- TASK TO CARRY OUT
Please restate word for word each line from the one containing "Keywords: bee honey" to the last line of the records below, and drop the pictures.

(DATA IN THIS EXERCISE)

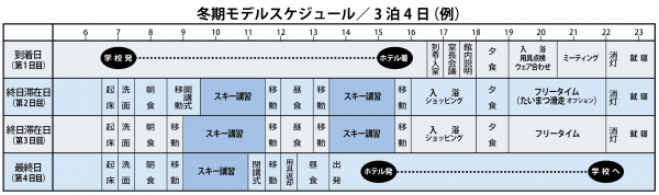 硯川ホテルが接している横手山スキー場は、スキーシーズンも長く11月下旬から5月上旬までスキーが楽しめます。良質な雪は、楽しく早く上達するために欠かせません。横手山スキー場は国内でも屈指の標高の高いところにあるため、厳しい気象条件や卓越した風景・眺望を体験できる反面、ホテルにごく近い場所に講習に適したゲレンデが広がり、団体講習に適した条件が備わっています。そのため移動時間の心配なども少なく、快適に安全にお過ごしいただけます。  スキー・スノーボードが初めての生徒さんでも2・3日で、ほとんどの生徒さんが概ね自由にゲレンデを滑り降りられるまでに上達します。経験者が多い場合や具体的な目標を設定したい場合等は、オプションの検定コースを追加していただくことで、最終日SAJ 公認検定を受ける事も可能です。そのほか360 度パノラマ展望ツアー、松明滑走、デモンストレーション、ナイタースキー等のオプションメニューも用意しております。
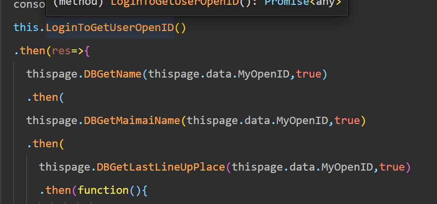 如图,我有如下四个promise堆叠,第一个工作是正常的,而第2、3、4个都是不正常的,这三个都使用了wx.callfunction,结果在console中可以看到第一个调用彻底完毕后第2、3、4个都被同时调用(这三个都会在被调用时log出数据库指令和返回结果)。在开发文档中,callfunction可以使用promise,但是promise使用的结果却是云函数没有返回值便开始下一个函数运行。我现在不知道该怎么管住这几个callfunction,难道需要我写一个用来检查这几个云函数是否全部返回值的函数吗???(/吐血)
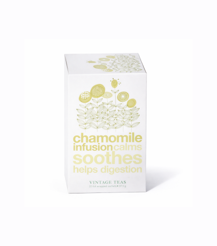 Vintage Teas kamilčni čaj je klasičen zeliščni čaj iz kamilice. Prispeva k občutku sprostitve in podpira dobro počutje čez dan in zvečer. Pakiranje vsebuje 30 higiensko pakiranih čajnih vrečk.
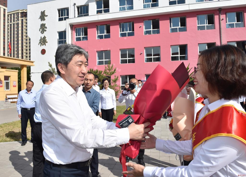 每到一處,朱曉東都與教師們深入交流,了解學(xué)校建設(shè)發(fā)展情況,關(guān)切詢問他們的工作生活情況,感謝他們?yōu)槲沂薪逃聵I(yè)發(fā)展作出的貢獻(xiàn),并為優(yōu)秀教師代表送上了鮮花,祝他們節(jié)日快樂。朱曉東指出,新一屆省委、省政府作出構(gòu)建“一群兩區(qū)三圈”城鄉(xiāng)區(qū)域發(fā)展新格局的重大戰(zhàn)略部署,明確提出“強(qiáng)勢(shì)打造太忻一體化經(jīng)濟(jì)區(qū)北引擎,引領(lǐng)帶動(dòng)忻州與太原、雄安新區(qū)相向發(fā)展,打造我省融入京津冀和服務(wù)雄安新區(qū)的重要走廊”,賦予忻州“建設(shè)開放發(fā)展前沿城市”的戰(zhàn)略定位,忻州發(fā)展迎來了前所未有、千載難逢的重大機(jī)遇。不論是太忻一體化經(jīng)濟(jì)區(qū)建設(shè),還是建設(shè)開放發(fā)展前沿城市,都離不開人才的支撐。希望廣大教育工作者身在學(xué)校、心系全局,秉持“負(fù)責(zé)任、動(dòng)腦筋、講良心”的工作要求,潛心教學(xué)鉆研、立德樹人,以更加飽滿的熱情投身教育事業(yè),為忻州經(jīng)濟(jì)社會(huì)發(fā)展培養(yǎng)更多的優(yōu)秀人才。
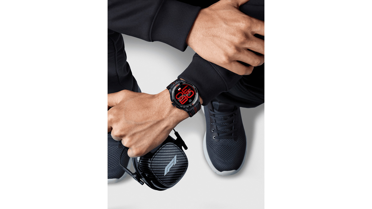 ケースバックには、心拍数センサーと赤のF1 ロゴを配し、このコラボレーションウォッチのハイオクタンなアイデンティティを鮮やかに際立たせた。
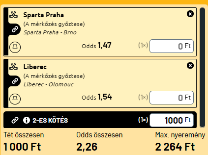- Két klasszikus cseh rangadó, két erős hazai esély. A Sparta Praha félelmetes játékot produkált, amikor a Mlada Bolseslavnak hintett egy hetest nulla ellenében. A Brno sem ússza meg a vereséget. A másik meccsen pedig a Liverec a legutóbbi Litvinov elleni vereséget fogja ma kozmetikázni, a 11. helyen álló Olomuc ellen. Itt is hazai meccsgyőzelmet várok a rendes játékidőben.
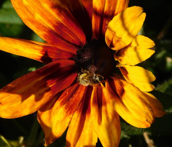 Keywords: bee honey bee insect flower blossom bloom on a flower bee on flower close yellow flower collect pollen collect nectar hard working work diligently
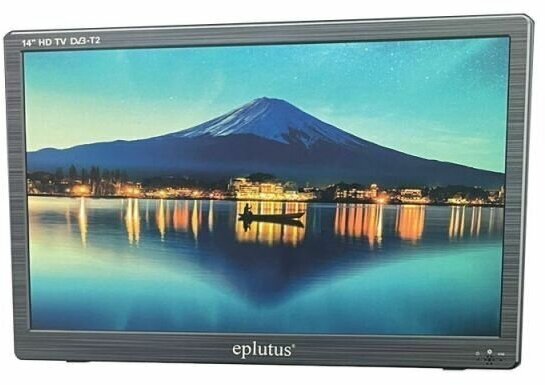 Телевизор Эплутус 143(Т)-EP (E2370EU) с TFT ЖК 14.1-дюймовым экраном и встроенным цифровым тюнером Т2 и аккумулятором 1500 мАч. Воспроизведение с USB
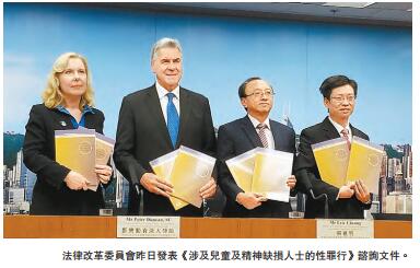 法改委辖下的性罪行检讨小组委员会昨日下午发表上述谘询文件。委员会主席邓乐勤表示,文件涵盖涉及儿童及精神缺损人士的性罪行,以及涉及滥用受信任地位的性罪行。这些性罪行大多关乎保护原则,为这些易受伤害的人提供更佳的保护,免遭性侵犯或剥削。

(End DATA IN THIS EXERCISE)

- ANSWER AREA
 Keywords: bee honey bee insect flower blossom bloom on a flower bee on flower close yellow flower collect pollen collect nectar hard working work diligently
 Телевизор Эплутус 143(Т)-EP (E2370EU) с TFT ЖК 14.1-дюймовым экраном и встроенным цифровым тюнером Т2 и аккумулятором 1500 мАч. Воспроизведение с USB
 法改委辖下的性罪行检讨小组委员会昨日下午发表上述谘询文件。委员会主席邓乐勤表示,文件涵盖涉及儿童及精神缺损人士的性罪行,以及涉及滥用受信任地位的性罪行。这些性罪行大多关乎保护原则,为这些易受伤害的人提供更佳的保护,免遭性侵犯或剥削。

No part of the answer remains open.